Whereas Anundsen and Jansen (2013) include house prices and the housing stock separately in the debt equation, this study combines the two in the value of housing assets. They also include disposable income and housing turnover as additional long-run determinant of household debt, but the first variable is highly correlated with our key explanatory variable hv (correlation coefficient of 0.99) and the second one is not available for all dwellings in Sweden.

20

We consider that estimates of the long-run coefficient on hv are not subject to endogeneity problems, as the level of debt is not a long-run explanatory variable for house prices in the life-cycle based model (equation 1), where housing demand (like consumption) depends on income and net wealth in the long-run.

21

Changes to zoning policies and rent controls would also affect housing supply, but the evolution of these policies over time is difficult to proxy.

22

The macro analysis essentially considers Sweden as a single housing market, although there are differences across regions. For an analysis of housing supply at the municipality level, please refer to Ho (2015).

23

This composite index is based on Valueguard data back to 2005. This series is backdated using the house price index from Statistics Sweden and the OECD.

24

As a result, no seasonal dummies are included in the analysis.

25

Annex I provides a number of robustness checks, including sensitivity of the results to the estimation method.

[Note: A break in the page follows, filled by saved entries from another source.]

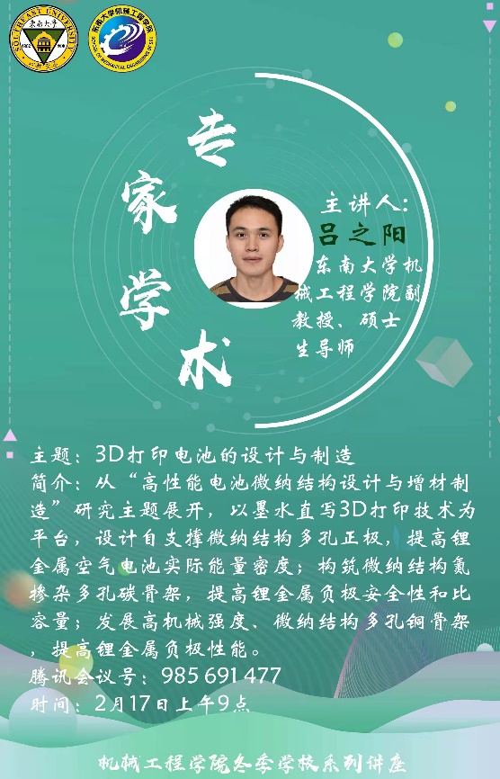 2月17日,leyu乐鱼web登录入口副教授吕之阳老师为同学们开展了一场关于3D打印技术的讲座。围绕着3D打印电池的设计与制造这一话题,吕之阳副教授通俗详尽地介绍了增材制造的技术定义,技术特点以及应用领域,并从未来可穿戴设备的发展及智能设备小型化的趋势,对体积更小、容量更大的电池的需求,结合3D打印电池的优越特点,高瞻远瞩地提出了3D打印在电池制造方面研究的必要性。最后,吕之阳副教授展示了自己在电池微纳结构的设计与3D打印构筑的具体成果,并对3D打印电池这一领域做出了积极的展望。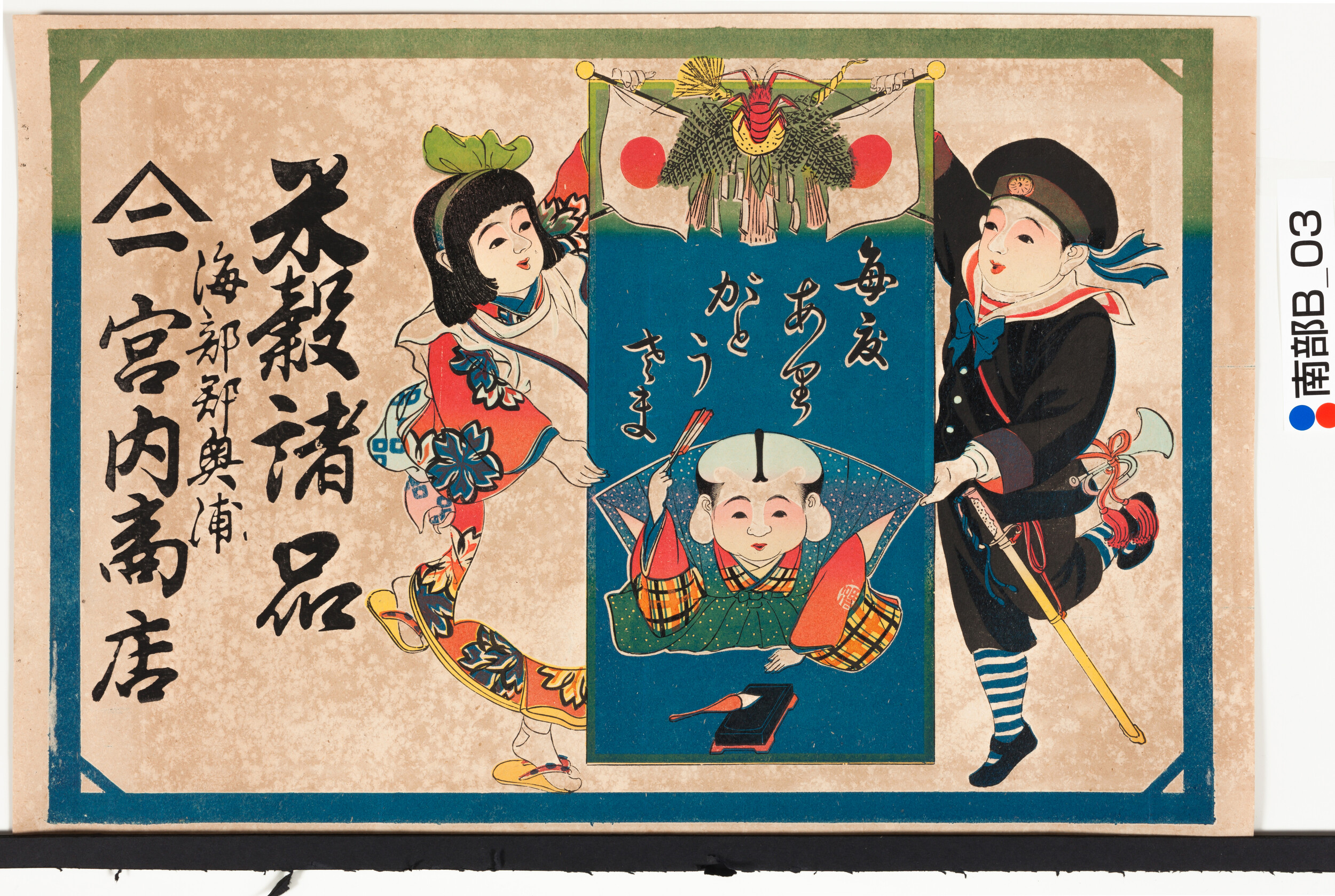 引札絵柄:福助(毎度ありがとうさま) 商店場所:海部郡奥浦 商店名称:宮内商店 商売内容:米穀諸品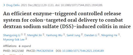 《Drug Deliv》(IF=6.419,中科院2区)杂志刊发了题为“An efficient enzyme-triggered controlled release system for colon-targeted oral delivery to combat dextran sodium sulfate (DSS)-induced colitis in mice”的研究论文(2021 Dec;28(1):1120-1131.)。91吃瓜

Robustness checks considered allow for additional leads and lags in the estimation as well as alternative estimation methods including fully modified ordinary least squares (FMOLS) and canonical correlation (CCR).

26

The long-run standard error is 2% and 97% of the variance in the level in real housing prices is explained by the model.

27

Recursive regressions of different window length (not reported) show stability in estimated residuals suggesting that the assessment of valuation is not unduly sensitive to the sample period.

28

Standard diagnostic tests generally point to cointegration in the variables entering equation 4.

29

Swedish household debt is predominantly in the form of housing loans, representing around 82 percent of total lending to households as of August 2015.

30

The growth path of GDP is from the National Institute of Economic Research (NIER); real disposable income per capita is assumed to increase by 1.8 percent p.a.; financial assets per capita to rise by 7 percent p.a.; net migration by 5 percent p.a.; construction costs by 2.5 percent p.a.; and the population projection is from Statistics Sweden.

31

Whereas the DOLS estimators are obtained by adding leads and lags of the differenced regressors to soak up long-run correlations, FMOLS and CCR eliminate the problems caused by the cross-correlation using a semiparametric correction.

32

The results are available from the author.